Silly Detour: I've had two days of living like a rockstar. I often say in order to be completely free, you either have to be profoundly rich, or profoundly poor. Obviously, I'm the latter. On Thursday, I had the pleasure of being handed a crispy $100 bill for participating in a 45-minute focus group. I took that $100 and dropped $50 of it in Victoria's Secret on undies I sorely needed. The best part was that technically, the undies were free to me. Then, I met Shoefly downstairs from her job, and we went to Banana Republic where they were having a 70% off sale. I had $15 in coupons from Old Navy Rewards, and so for a grand total of $23 (charged to my ON card) I got a $78 shirt and a gold link belt. Yesterday, I spent a lovely time with the FatLady and Lilac Blue doing absolutely nothing. We went to New York Adorned where the FatLady and I got new nosepins; she a ring and me a tiny piece of bling. (I charged that.) Then we went to Brooklyn and had lunch at Junior's. The buffalo wings were "eh" (I'm like on a mission for good buffalo wings) but we had a great time, even though I couldn't eat any of the goodies that Junior's is known for. Wasn't sure if there'd be leavening in the crust. The whole time though, I kept checking my Treo to see if there was any word from TF or Lawyer. There wasn't.
The Professor needed to dump the Diva and TinyOne back with me. They'd managed to worm themselves back into her house for the past few days. While it was peaceful for me, it's not sticking to agenda of the Diva's BootCamp, so I told Professor she needed to pack them up and dump them back over here. She drove us all home. TF called on the Sun's phone and I could see that the Sun was starting to get excited. He came over and asked me quietly "Did he agree yet?"
The Professor was sitting at the table, and I'm not sure what prompted her comment but she said something to the effect that sometimes, the end result is what counts the most. And something clicked.
I called the Sun into the front room, and again I explained to him about his dad not following rules and that I really needed for him to agree to something and stick to it. But I asked him "You really want to see your dad, don't you?" And he said yes. I asked him what he wanted me to do. He said "What you want to do, make him stick to the rules." And I saw in his eyes blind faith. In me. The kind of blind faith and love that would make Abraham take his only son Isaac up into a mountain, prepared to sacrifice him to God. The kind of blind faith that Isaac--a 13 year old boy--would have in his father, so that he would follow his father up the mountain for a sacrifice, knowing damn well they weren't taking a lamb up there with them. I knew that I couldn't let my agenda and my need for rules sacrifice my kid in the process. I asked him "Are you big enough to call your dad and tell him we'll meet him in [the appointed place]?" He said he was. I asked him "Are you big enough to tell your dad that you will be picked up at [the appointed place and time]"? Again, he said yes. But he wavered, and so I said to him "Say it; say what you would tell him." And he looked at me and "I can't.
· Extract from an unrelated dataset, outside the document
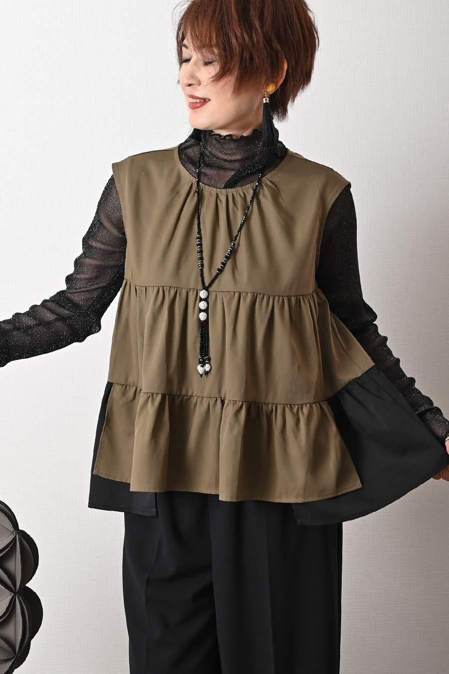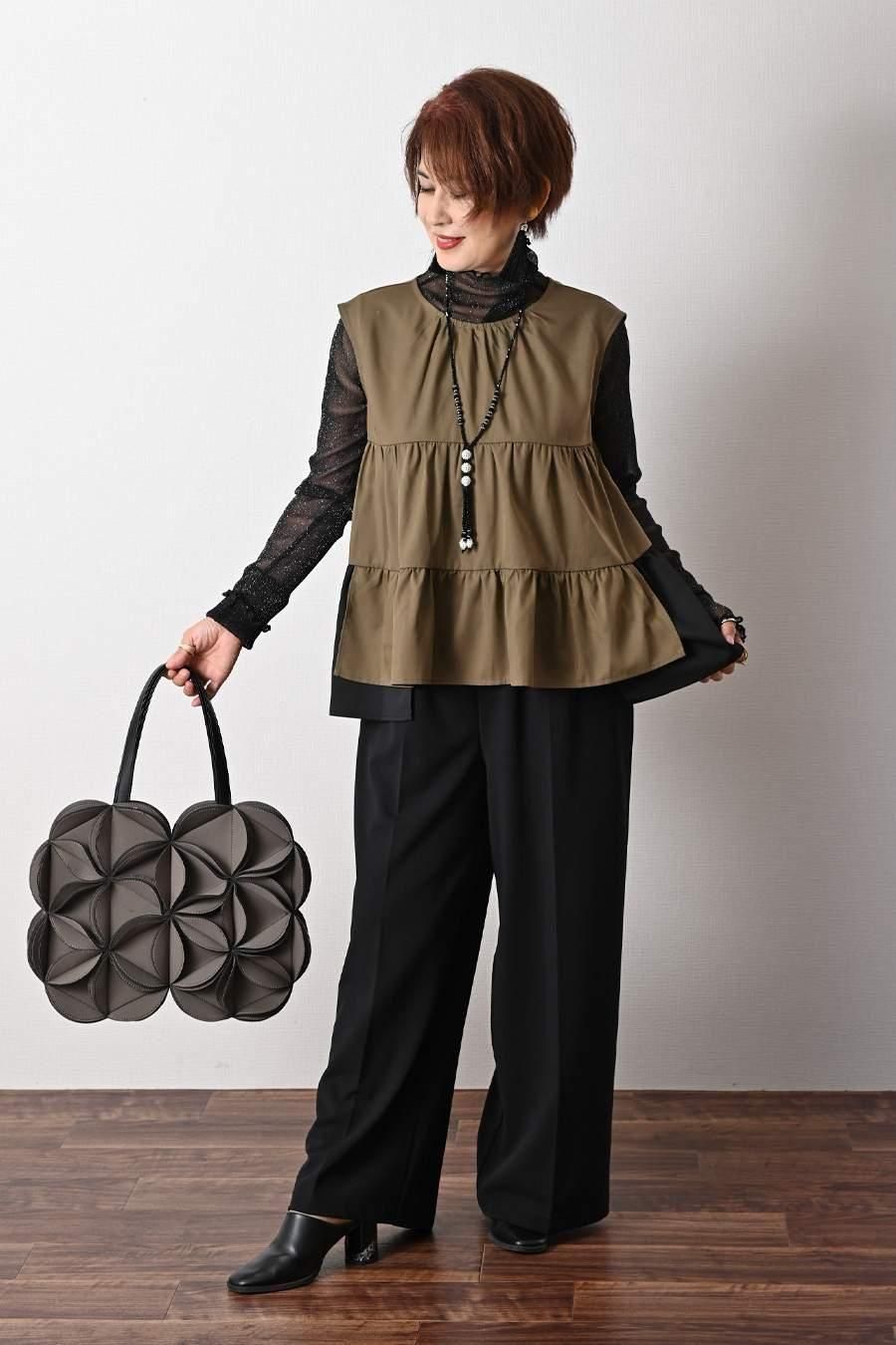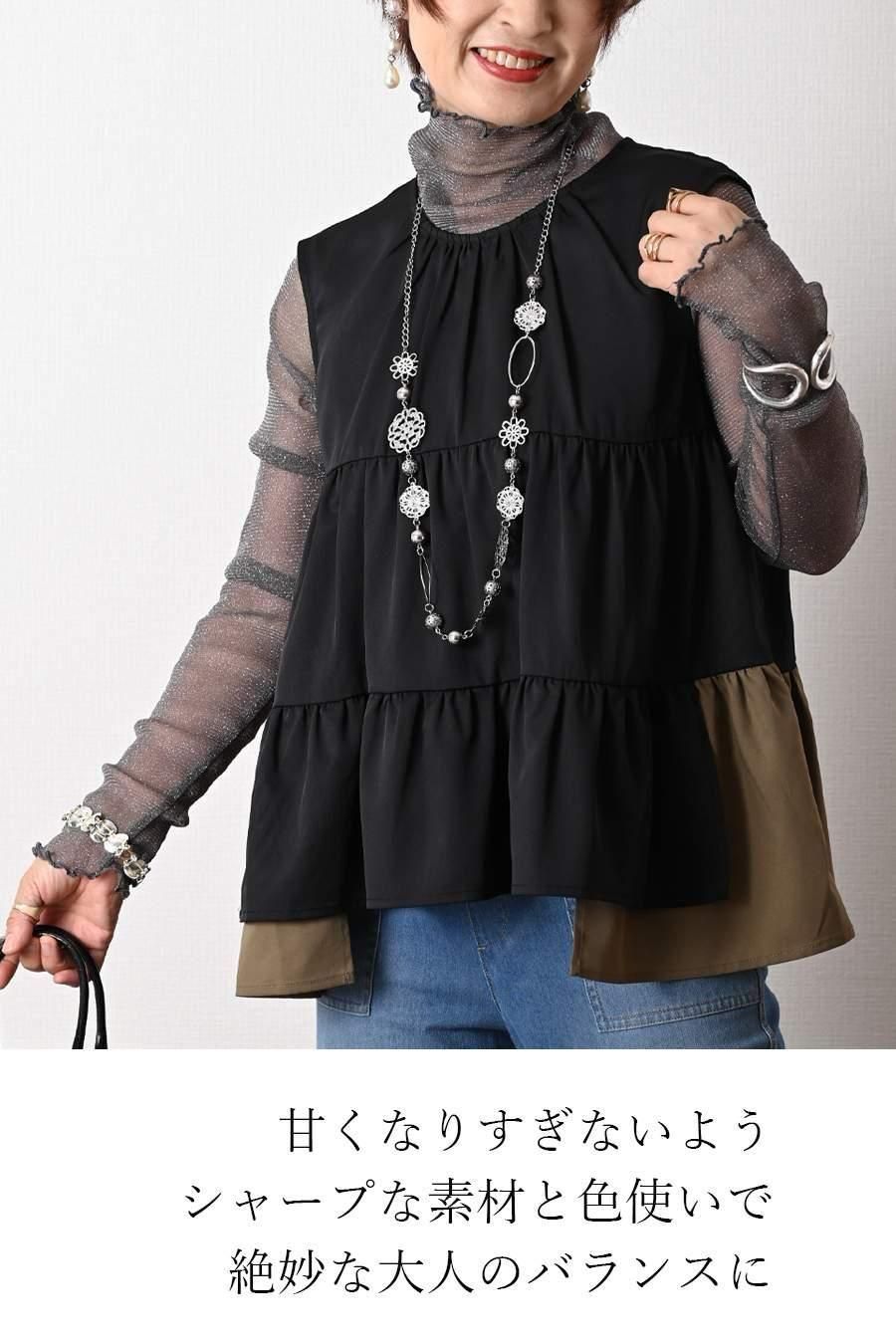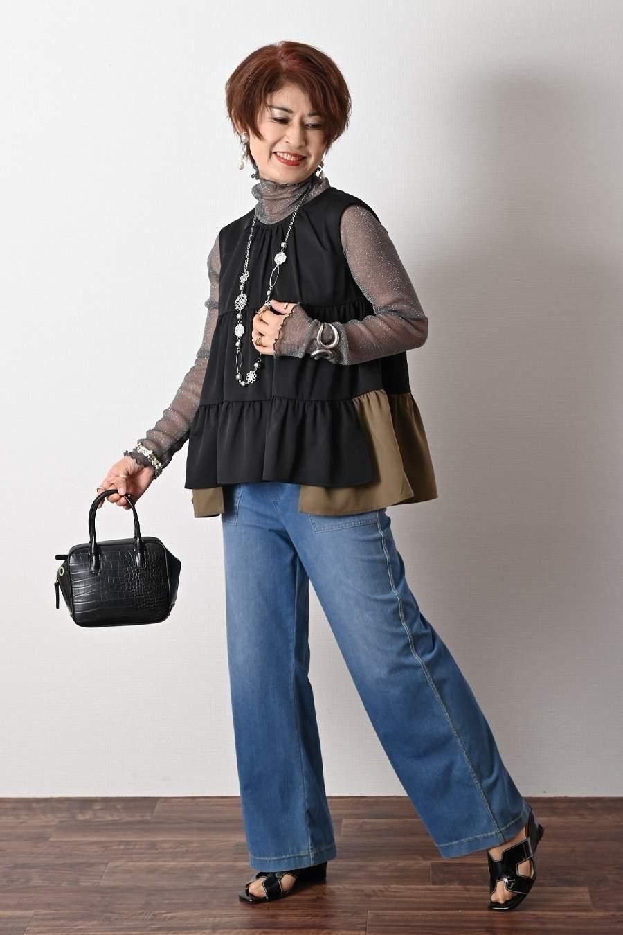 選べるボアベスト+ラメ&チュール タートルネックプルオーバー2点セットコーデ

I can't do it mommy, I'm not big enough. You do it."
So I picked up the phone and dialed TF. He thought it was the Sun, but I said, no, it's me. And I told him I didn't want to argue, but that the Sun really wanted to see him and I needed him to agree. We went back and forth a little bit, especially about the pick up time. He said he hadn't seen the Sun in six months. Which is true... but really, it's not my problem since he canceled the last visit. But I didn't say that... I said I understood, but just this once, I needed the Sun home on Sunday night, but that I'd come get him at 10 instead of 9P. He wasn't completely agreeing, but I said "Please... he really wants to see you." I guess maybe he figured then that I was really going to not show up, because he knows I don't call him unless it's important. He knows now, unequivocally, that I don't like him. At least I hope so. Regardless, it was done.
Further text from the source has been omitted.